Ora torniamo al presente. Pietro si è deciso finalmente a raccontarmi la verità riguardo alla faccenda delle lacrime. Lo ha fatto in un modo originale, inaspettato. Mi ha presentato Luna. Ero imbarazzato, ma la ragazza, come vi ho già detto, è troppo brava nell’utilizzare il linguaggio per lasciare che la mia iniziale sensazione di disagio rovinasse il nostro primo incontro. Così ha cominciato a raccontarmi del motivo delle lacrime di Pietro. Egli era triste per Luna. La ragazza era stata discriminata. All’inizio non ho afferrato immediatamente il significato di questa parola, ma ancora una volta Luna mi ha spiegato – come solo lei sa fare – cosa fosse la discriminazione. In sintesi, alcuni compagni di classe dei ragazzi nutrivano sentimenti di odio verso la giovane straniera. Sfruttavano la sua diversità e la rendevano un motivo per lanciarle insulti, calunnie. Si servivano delle parole orrende che la discriminazione aveva forgiato: Luna non era in grado di ribattere perché non conosceva il significato di quegli insulti.
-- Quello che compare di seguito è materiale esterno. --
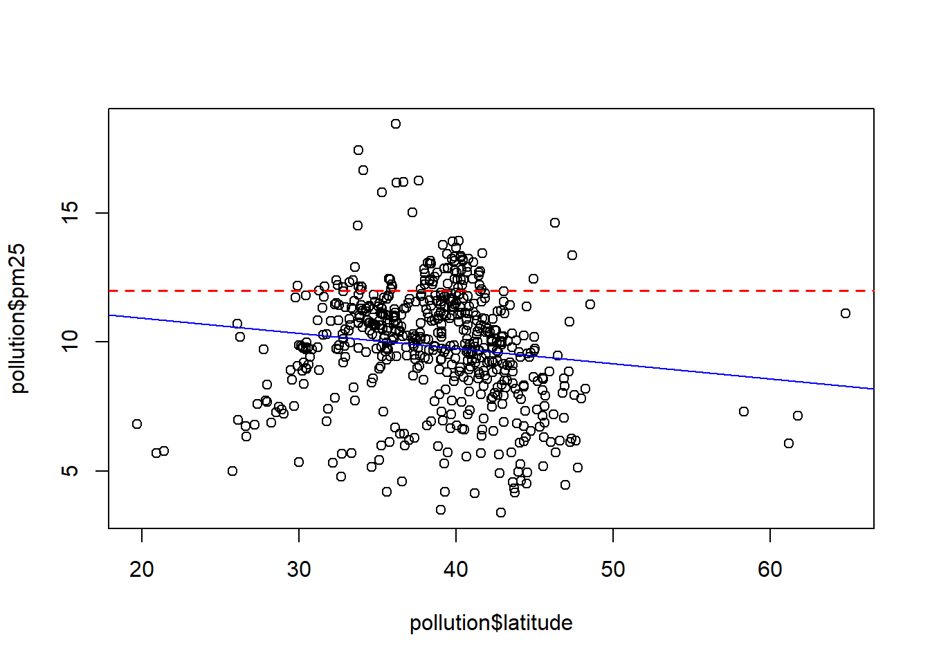 abline(lm(pm25 ~ latitude, data=pollution), col="blue")

Nessuno glieli aveva mai insegnati. Ero allibito, non capivo come la diversità, quell’insieme denso di differenze, potesse ritorcersi contro le persone con tanta veemenza e brutalità. Si trattava di un atteggiamento che non riuscivo a comprendere. Come potevano le parole, che Luna aveva tanto utilizzato per legare con me e costruire qualcosa che definirei magico, essere usate per allontanare, separare, odiare?
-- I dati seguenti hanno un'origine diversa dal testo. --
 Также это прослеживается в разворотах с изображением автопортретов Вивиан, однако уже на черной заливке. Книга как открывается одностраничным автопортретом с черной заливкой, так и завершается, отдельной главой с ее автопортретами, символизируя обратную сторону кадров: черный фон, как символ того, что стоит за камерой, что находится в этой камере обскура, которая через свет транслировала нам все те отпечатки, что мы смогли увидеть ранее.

Questo è stato, fortunatamente, un caso isolato e mi è servito per conoscere Luna. Ora siamo un trio, il dualismo è ormai superato. Pietro è felice, Luna viene a trovarmi sempre più spesso e io credo di aver raggiunto l’apice della mia realizzazione personale.
In fondo, essere un diario ha anche i suoi pregi: ho ben due amici, arricchisco ogni giorno le mie conoscenze e mi godo il panorama dall’alto della mia stanza, cioè da uno scaffale.
Sono soddisfatto. Alla mia esistenza è stato donato un senso e in me cresce sempre di più l’amore per la parola. Io sono parole e le parole sono me. Il gramma è l’atomo che mi costituisce.
Io sono felice.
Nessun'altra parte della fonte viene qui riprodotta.